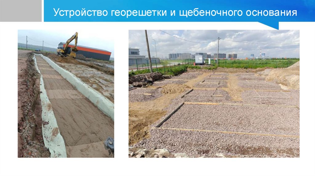 Устройство георешетки и щебеночного основания8.
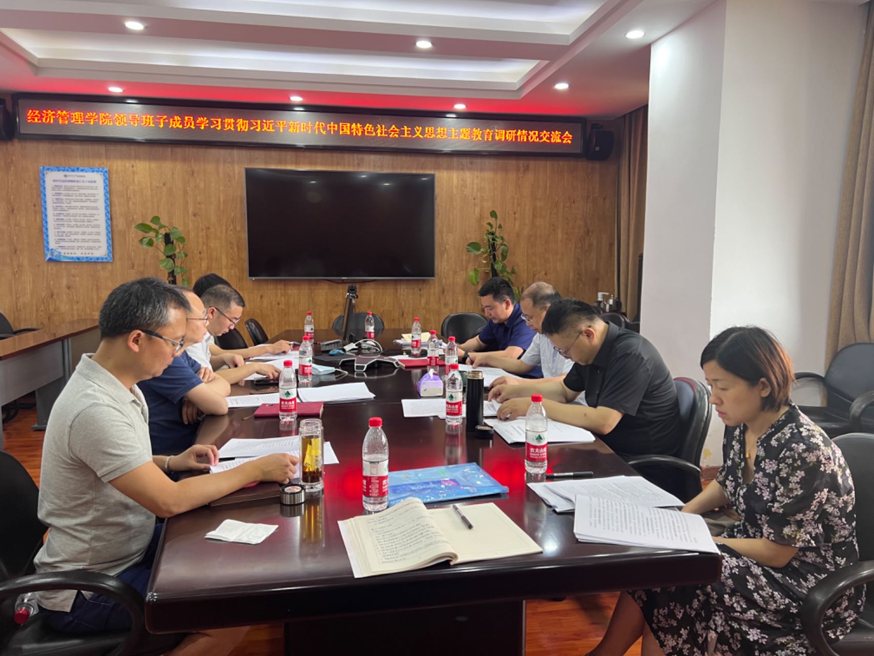 2023年6月25日上午9:00,公司第五届党委2023年第8次理论学习中心组学习、第53次全体会议以及领导班子学习贯彻习近平新时代中国特色社会主义思想主题教育调研情况交流会在九里校区零号楼0607会议室召开。学校学习贯彻习近平新时代中国特色社会主义思想主题教育监督指导组第八组组长任新红同志莅临指导。
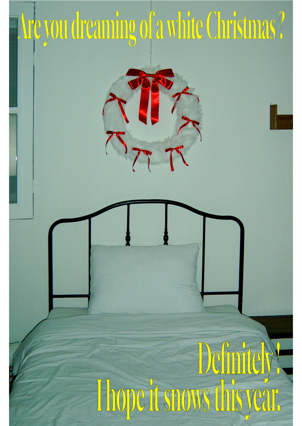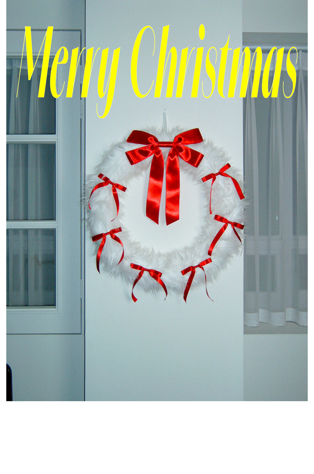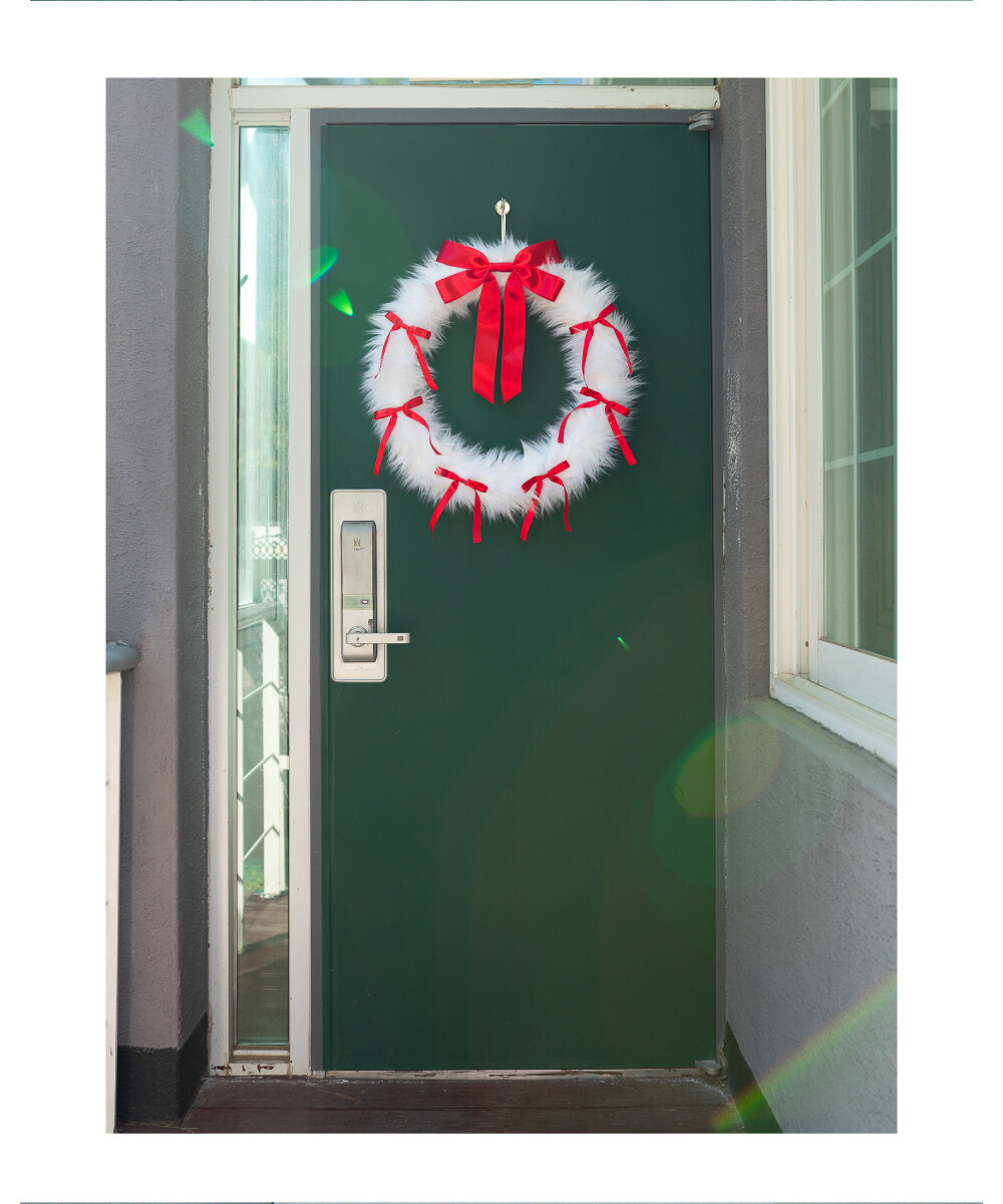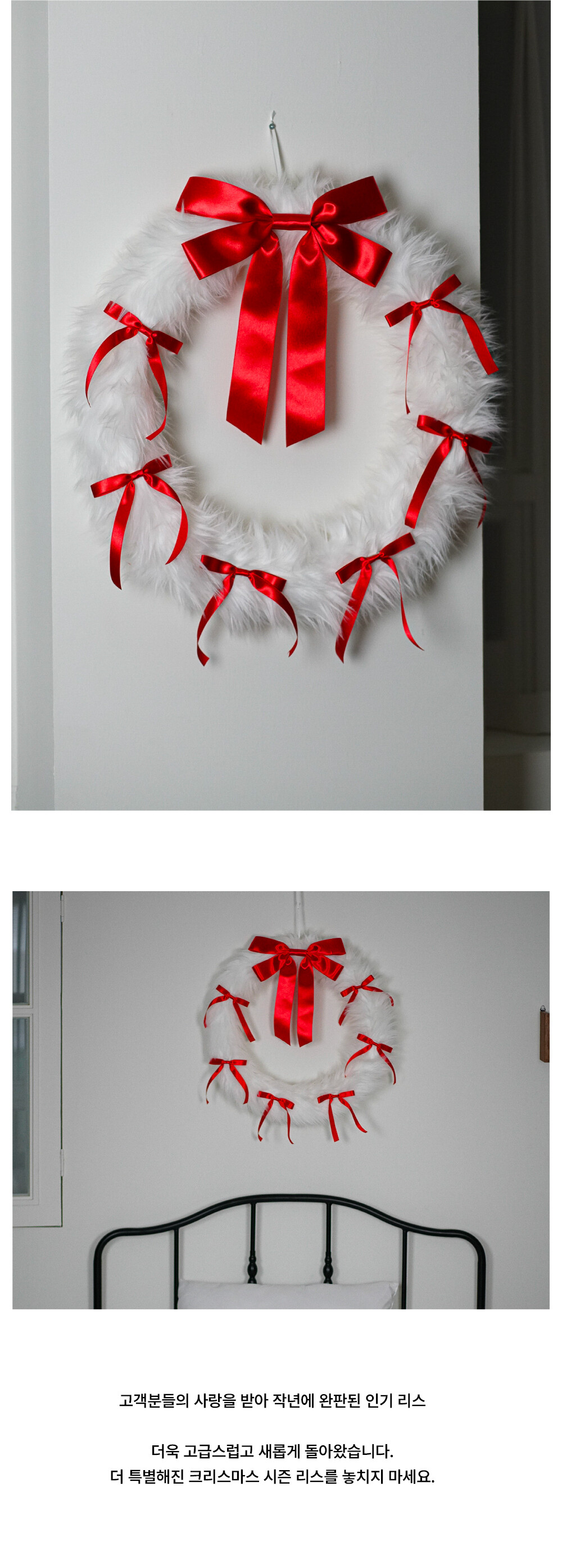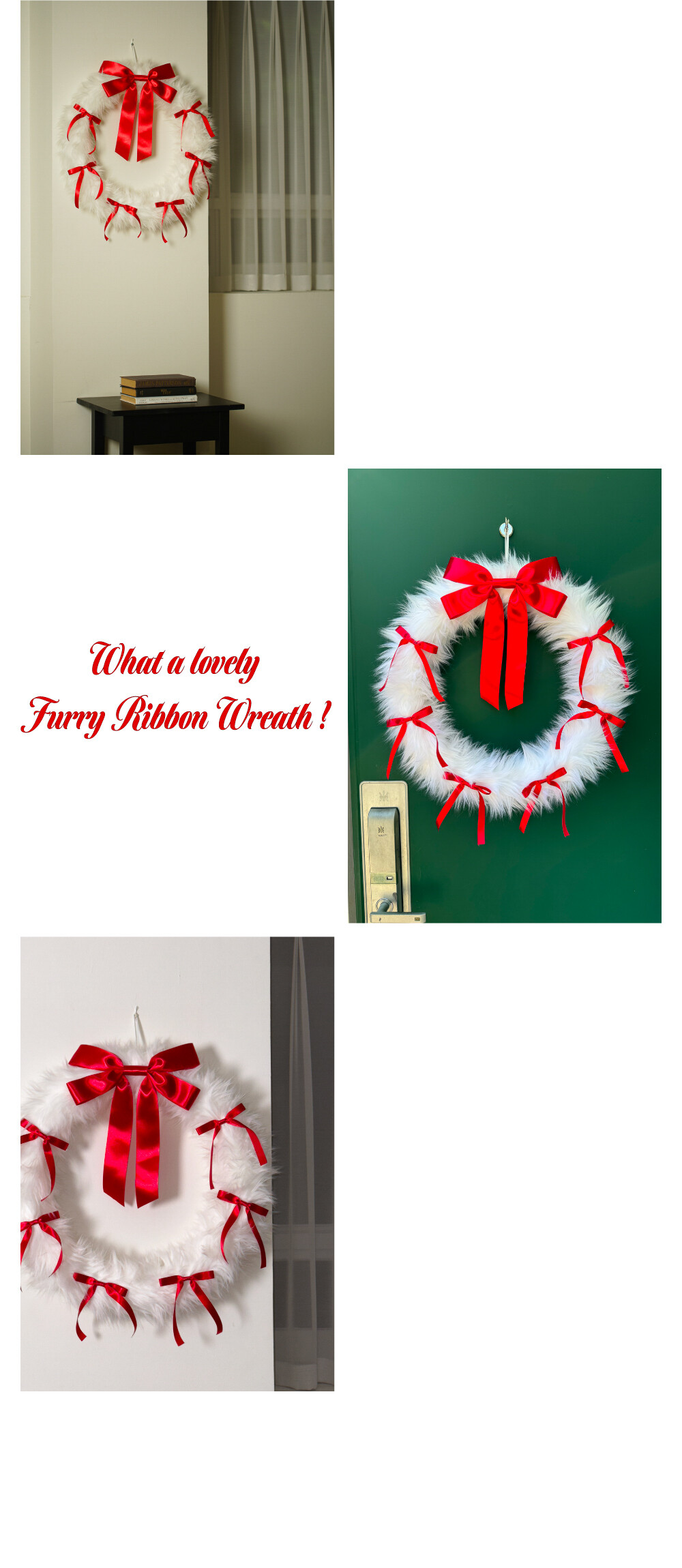 FURRY RIBBON WREATH - L (WHITE/RED)

_Problem details_:
Copy the whole listing exactly, excluding the pictures in it.

_Task output_:
 Устройство георешетки и щебеночного основания8.
 2023年6月25日上午9:00,公司第五届党委2023年第8次理论学习中心组学习、第53次全体会议以及领导班子学习贯彻习近平新时代中国特色社会主义思想主题教育调研情况交流会在九里校区零号楼0607会议室召开。学校学习贯彻习近平新时代中国特色社会主义思想主题教育监督指导组第八组组长任新红同志莅临指导。
 FURRY RIBBON WREATH - L (WHITE/RED)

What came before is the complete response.